**DATASET RECORDS:**
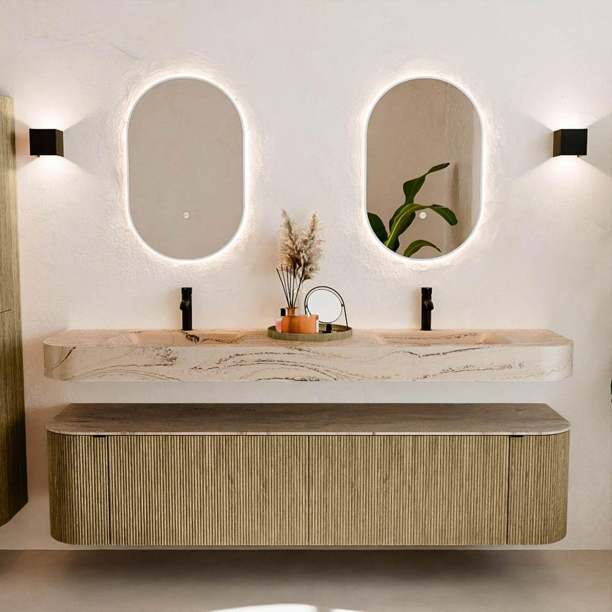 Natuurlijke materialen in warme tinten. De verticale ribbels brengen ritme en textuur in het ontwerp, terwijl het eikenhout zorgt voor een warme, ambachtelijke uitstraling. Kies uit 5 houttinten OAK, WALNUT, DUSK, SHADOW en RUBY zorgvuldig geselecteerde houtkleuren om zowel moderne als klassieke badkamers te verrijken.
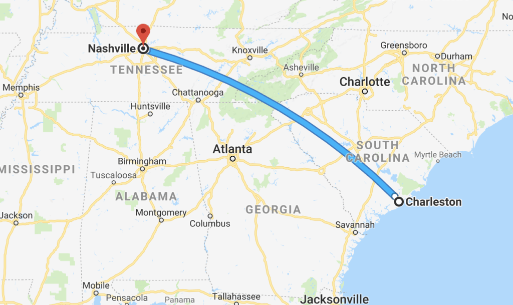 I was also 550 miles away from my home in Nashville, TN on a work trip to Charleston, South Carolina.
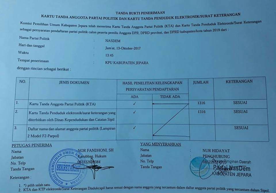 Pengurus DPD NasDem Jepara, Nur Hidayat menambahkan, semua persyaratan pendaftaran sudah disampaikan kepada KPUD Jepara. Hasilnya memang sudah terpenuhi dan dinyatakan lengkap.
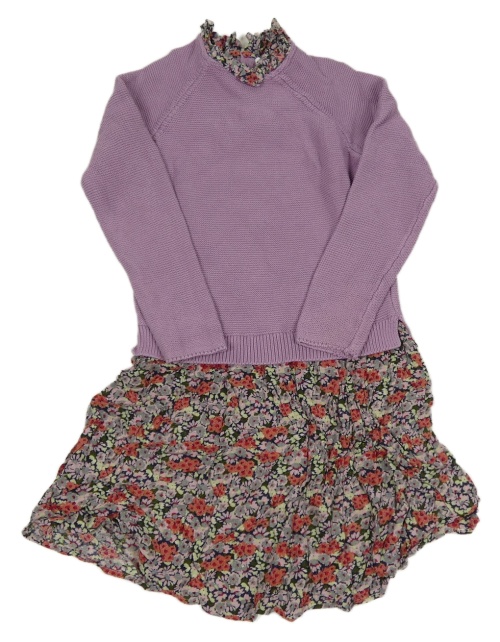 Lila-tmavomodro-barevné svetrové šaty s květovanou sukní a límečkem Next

...

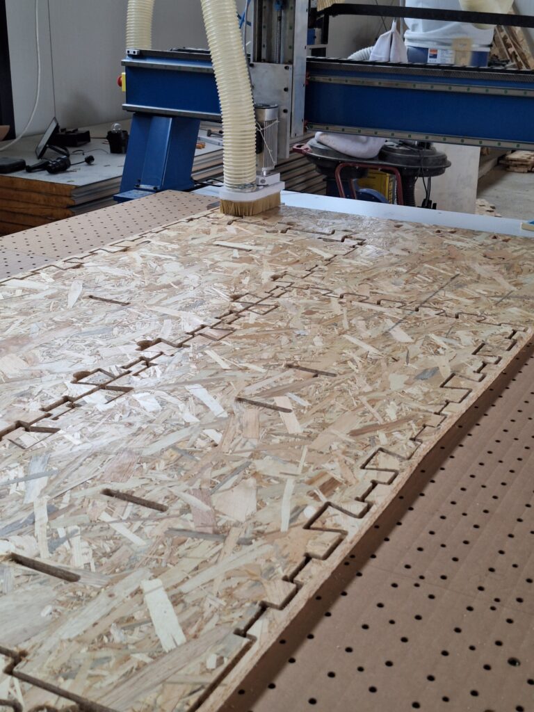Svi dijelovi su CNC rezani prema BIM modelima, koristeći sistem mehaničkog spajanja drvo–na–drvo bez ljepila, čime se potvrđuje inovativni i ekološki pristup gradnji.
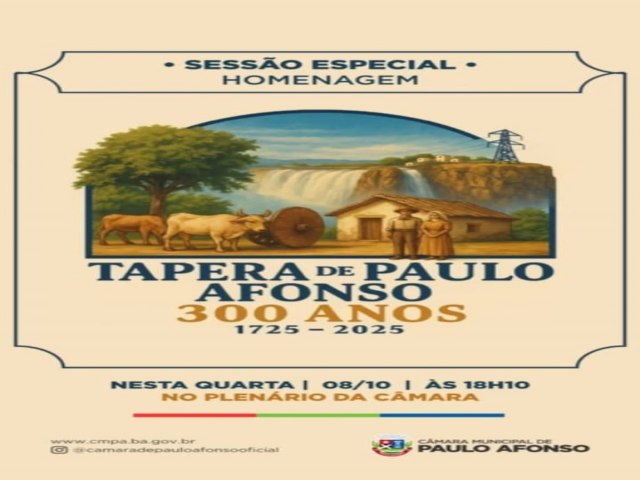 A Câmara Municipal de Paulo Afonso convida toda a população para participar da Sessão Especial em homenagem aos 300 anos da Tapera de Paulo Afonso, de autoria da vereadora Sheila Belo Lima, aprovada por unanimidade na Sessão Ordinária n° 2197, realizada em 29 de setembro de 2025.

* * *

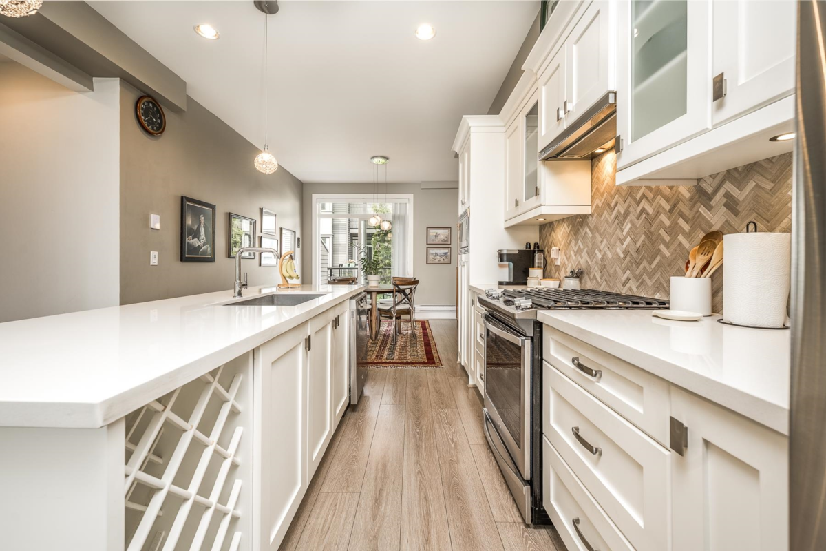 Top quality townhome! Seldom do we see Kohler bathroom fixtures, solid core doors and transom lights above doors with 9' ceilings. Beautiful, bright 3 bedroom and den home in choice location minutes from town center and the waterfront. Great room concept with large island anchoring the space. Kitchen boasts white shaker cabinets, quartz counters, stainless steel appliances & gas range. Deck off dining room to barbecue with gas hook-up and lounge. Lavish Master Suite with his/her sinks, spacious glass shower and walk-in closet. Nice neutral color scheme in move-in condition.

**TASK ITEM:** Lines wanted from the entries above: the one with "Natuurlijke materialen in", the one with "Lila-tmavomodro-barevné svetrové šaty", and all lines between. Please copy them exactly, without the pictures and without anything else.

**RESPONSE:**
 Natuurlijke materialen in warme tinten. De verticale ribbels brengen ritme en textuur in het ontwerp, terwijl het eikenhout zorgt voor een warme, ambachtelijke uitstraling. Kies uit 5 houttinten OAK, WALNUT, DUSK, SHADOW en RUBY zorgvuldig geselecteerde houtkleuren om zowel moderne als klassieke badkamers te verrijken.
 I was also 550 miles away from my home in Nashville, TN on a work trip to Charleston, South Carolina.
 Pengurus DPD NasDem Jepara, Nur Hidayat menambahkan, semua persyaratan pendaftaran sudah disampaikan kepada KPUD Jepara. Hasilnya memang sudah terpenuhi dan dinyatakan lengkap.
 Lila-tmavomodro-barevné svetrové šaty s květovanou sukní a límečkem Next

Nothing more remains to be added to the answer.